Dataset extract>
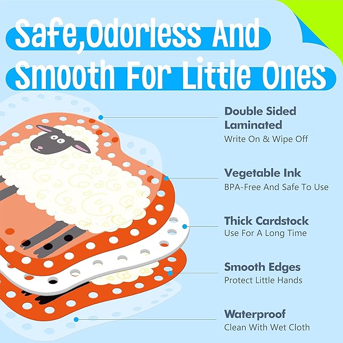 - Premium Material: The lacing cards are made of sturdy cardstock, durable and handy. Double side printed with premium plant ink, non-toxic and no odd smell, safe enough for toddlers’ use. The laces are made of quality polyester, which is not simple to break, and can serve you for a long time.
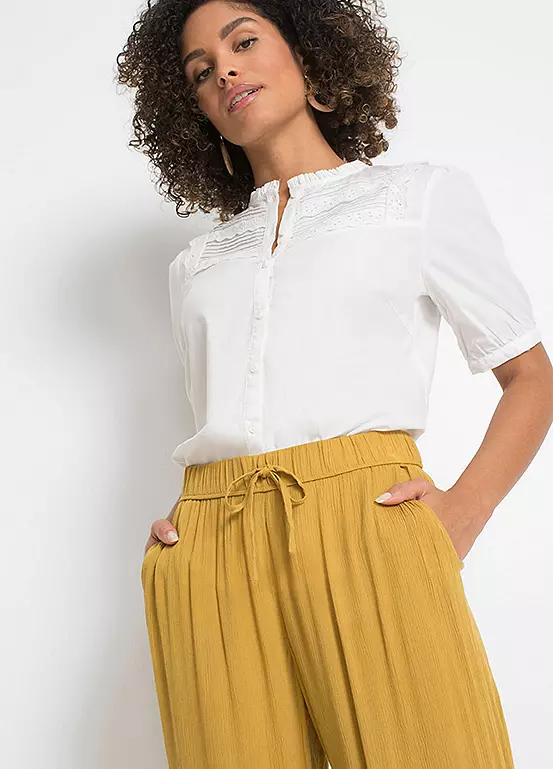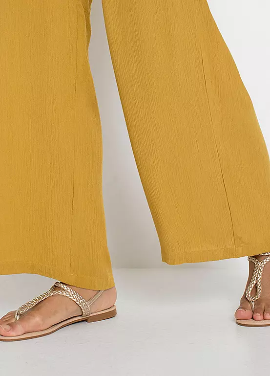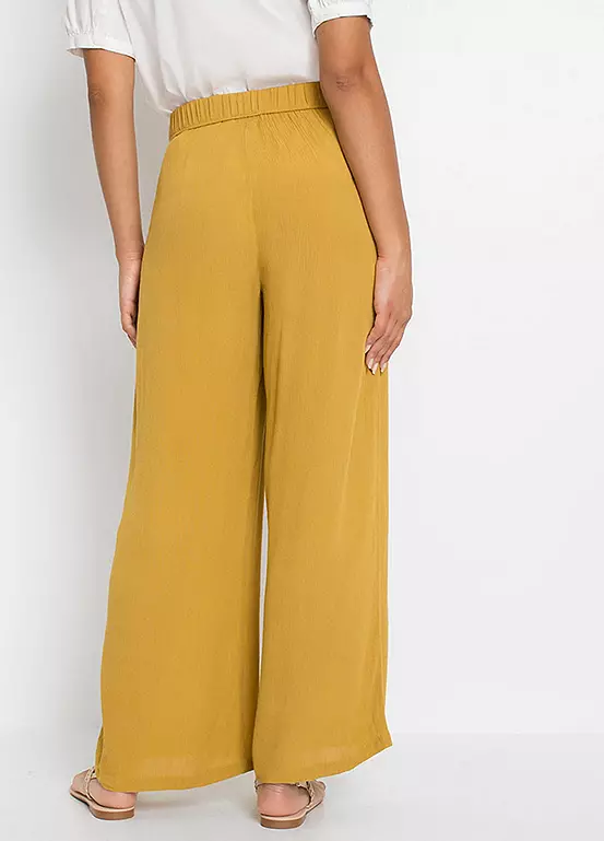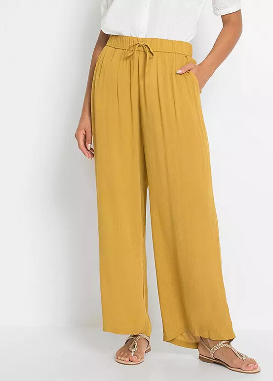 Pull on trousers with a wide leg.
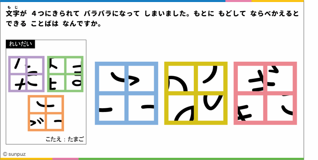 文字をくみたててから、ならびかえてことばを作るパズルです。文字の形をイメージ... -
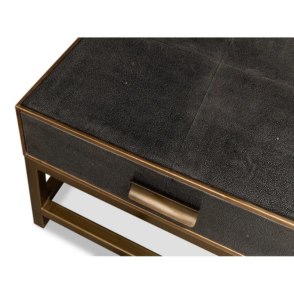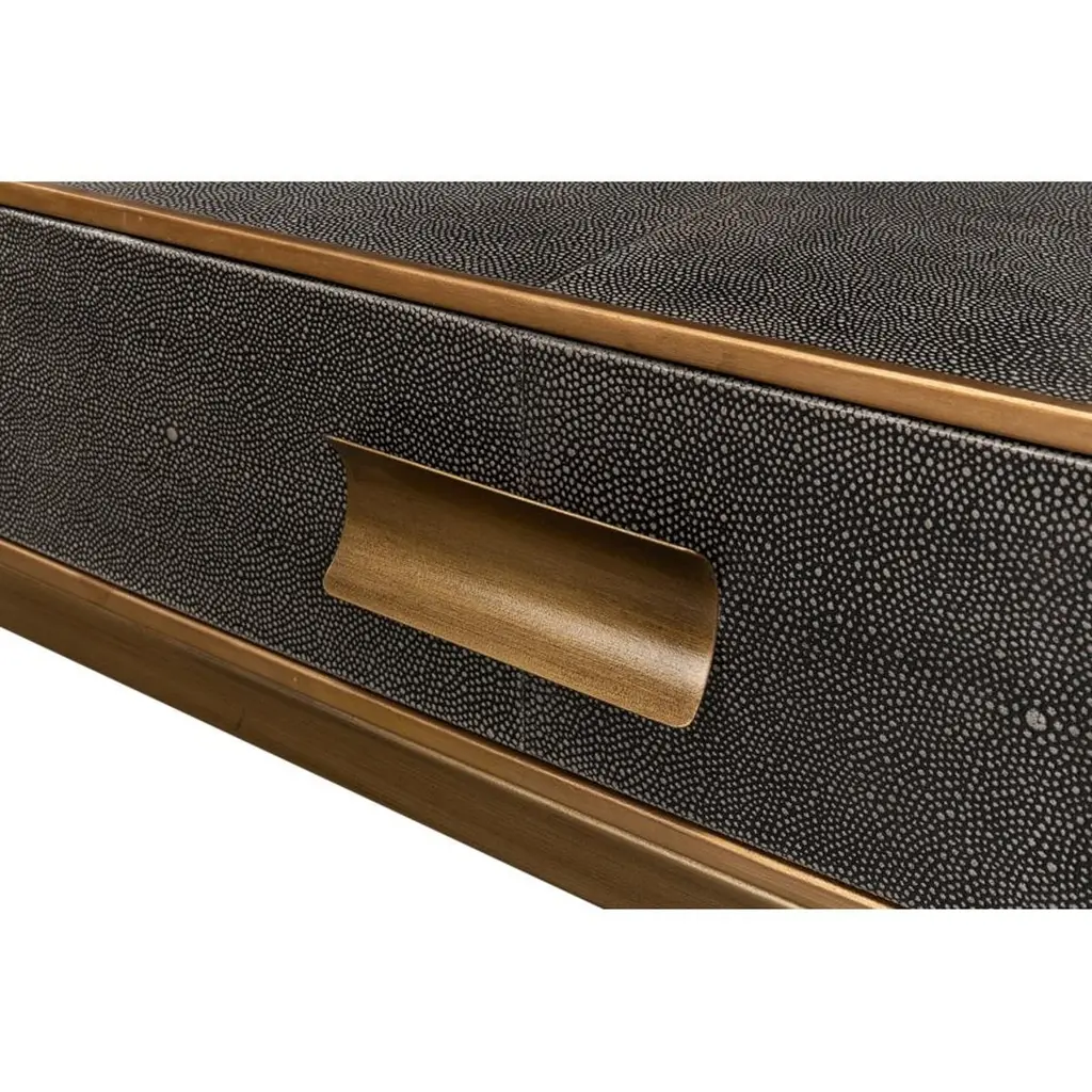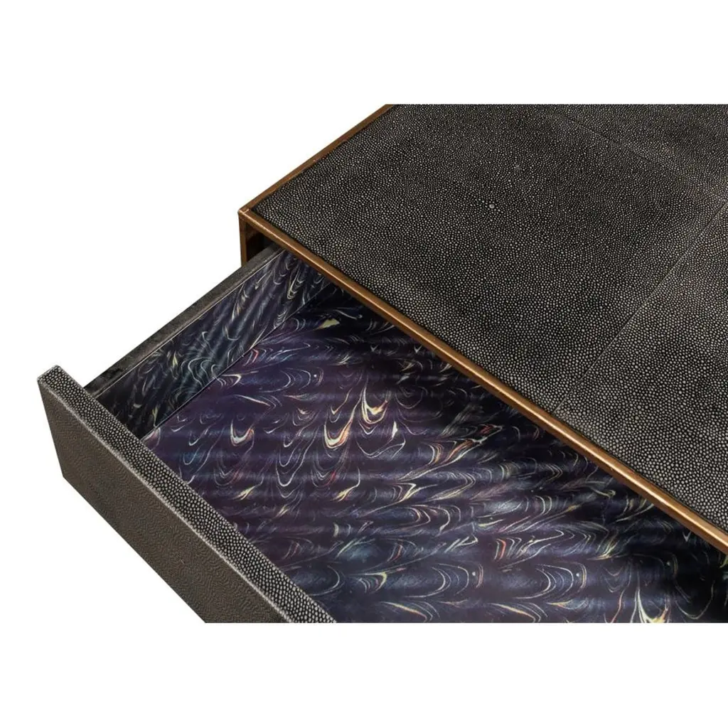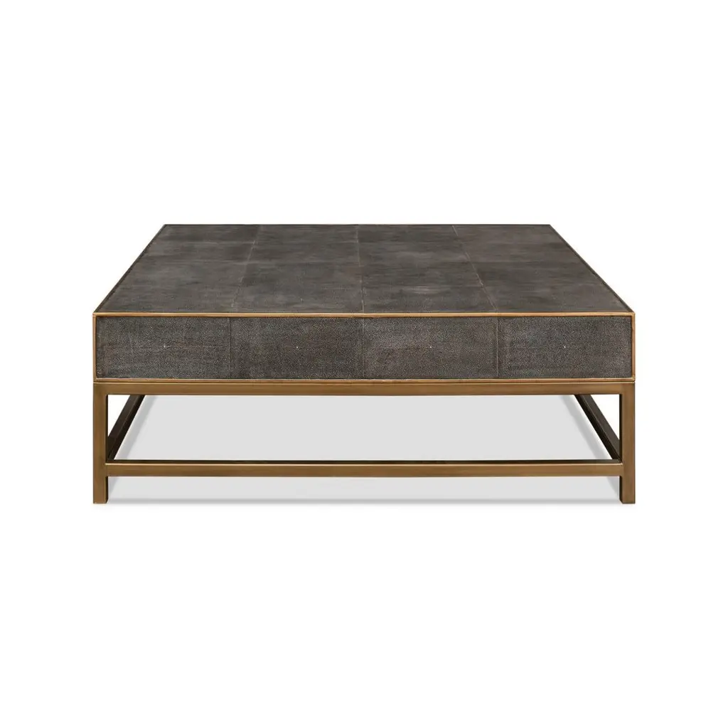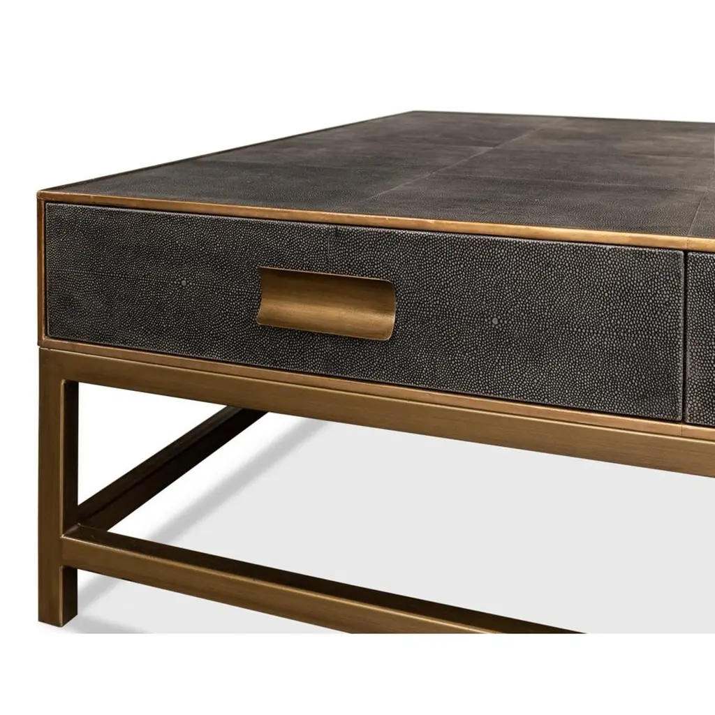 Crafted from wood with a shagreen embossed leather wrapped top, this square coffee table is finished with gold trim and hardware. With two drawers and raised on cube-form base with stretchers. The low-profile design makes it ideal for a functional space and the table's striking green hue is complemented by brass-like accents, resulting in a piece that is as much a conversation starter as it is a piece of furniture.Dimensions: 48" W x 48" D x 17" H

The problem>
Print the data above exactly, from its first line to the line bearing "文字をくみたててから、ならび" inclusive, and keep pictures out of the result.

Final answer>
 - Premium Material: The lacing cards are made of sturdy cardstock, durable and handy. Double side printed with premium plant ink, non-toxic and no odd smell, safe enough for toddlers’ use. The laces are made of quality polyester, which is not simple to break, and can serve you for a long time.
 Pull on trousers with a wide leg.
 文字をくみたててから、ならびかえてことばを作るパズルです。文字の形をイメージ... -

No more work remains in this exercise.